For this purpose I tried two different solutions:
SOLUTION 1: Read the stream from rtsp address
VideoCapture cam ("rtsp://root:[email protected]/stream/profile1=u"); While(true) cam >> frame;
In this case I am using opencv to directly read from a stream encoded with in H264 (profile1), however this yields the same problem reported here http://answers.opencv.org/question/34012/ip-camera-h264-error-while-decoding/ As suggested in the previous question, I tried to disable FFMPEG support in opencv installation, which solved the h264 decoding errors but raised other problem. When accessing the stream with opencv, supported by gstreamer, there is always a large delay associated. With this solution I achieve 15 FPS but I have a delay of 5 seconds, which is not acceptable considering that I need a real time application.

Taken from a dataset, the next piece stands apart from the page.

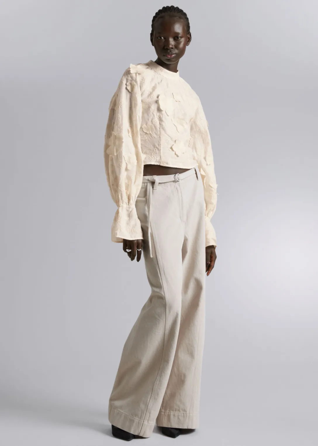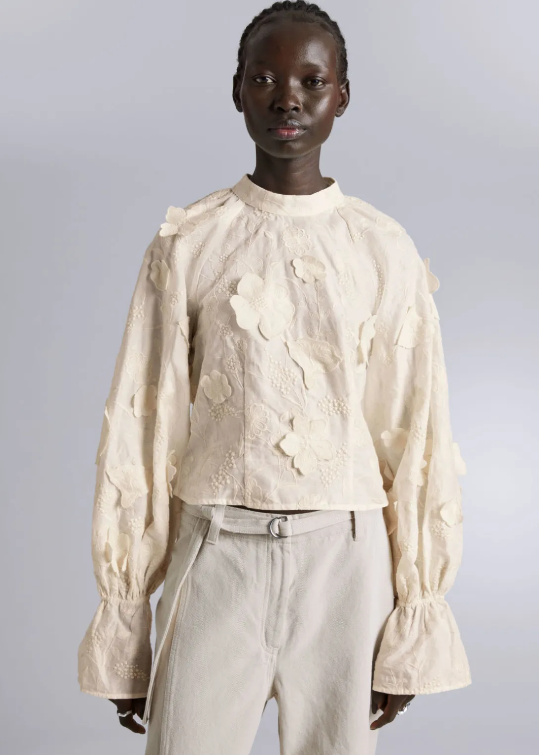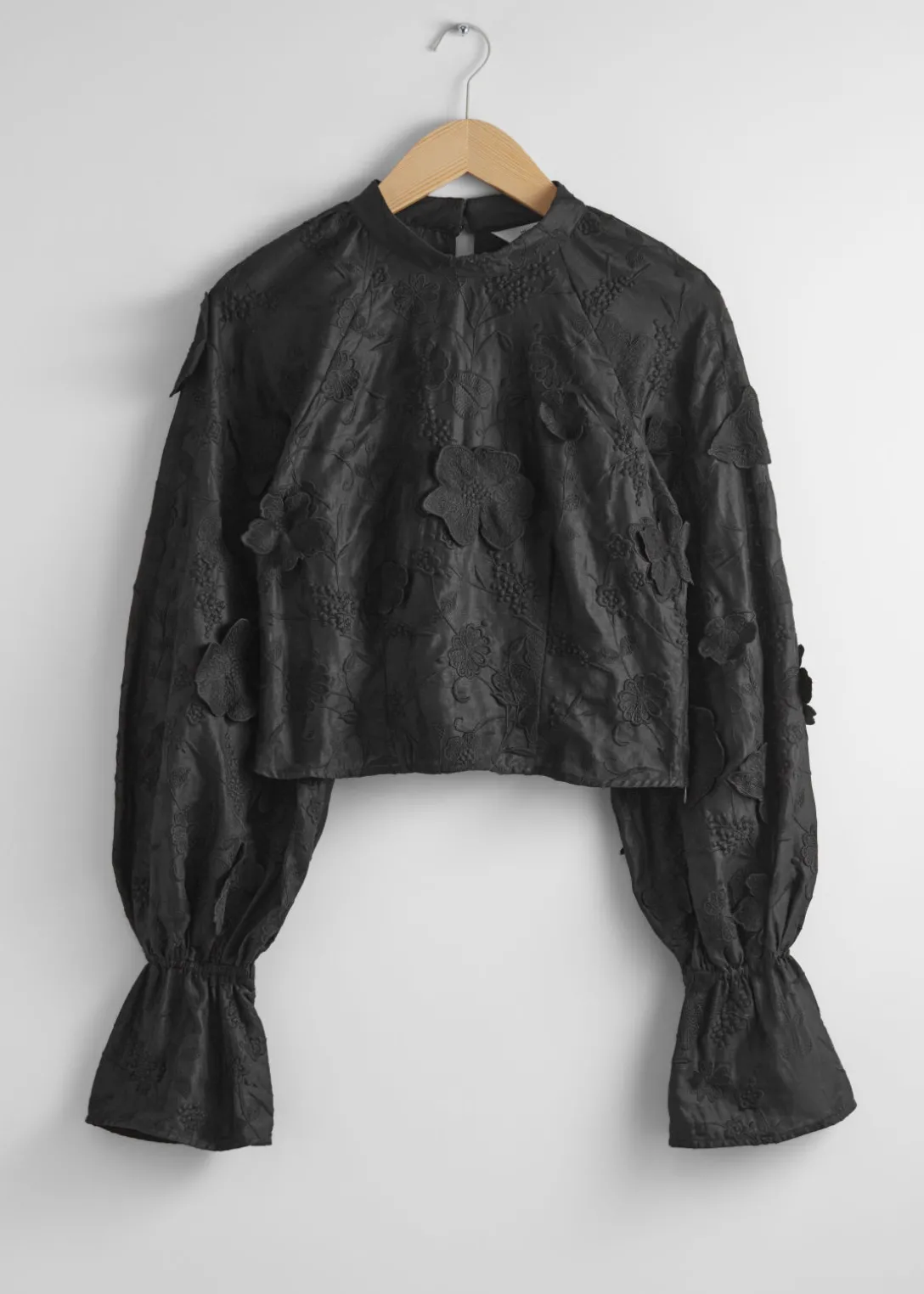 Blouse courte à col montant, avec des broderies complexes et des motifs floraux appliqués.

SOLUTION 2: Read the frames from http address
while(true)
{
startTime=System.currentTimeMillis();
URL url = new URL("http://10.0.4.127/-wvhttp-01-/image.cgi");
URLConnection con = url.openConnection();
BufferedImage image = ImageIO.read(con.getInputStream());
showImage(image);
estimatedTime=System.currentTimeMillis()-startTime;
System.out.println(estimatedTime);
Thread.sleep(5);
}
This strategy simply grabs the frame from the url that the camera provides. The code is in Java but the results are the same in C++ with the curl library. This solution avoids the delay of the first solution however it takes little more than 100 ms to grab each frame, which means that I can only achieve on average 10 FPS.
I would like to know how can I read the video using c++ or another library developed in c++ ?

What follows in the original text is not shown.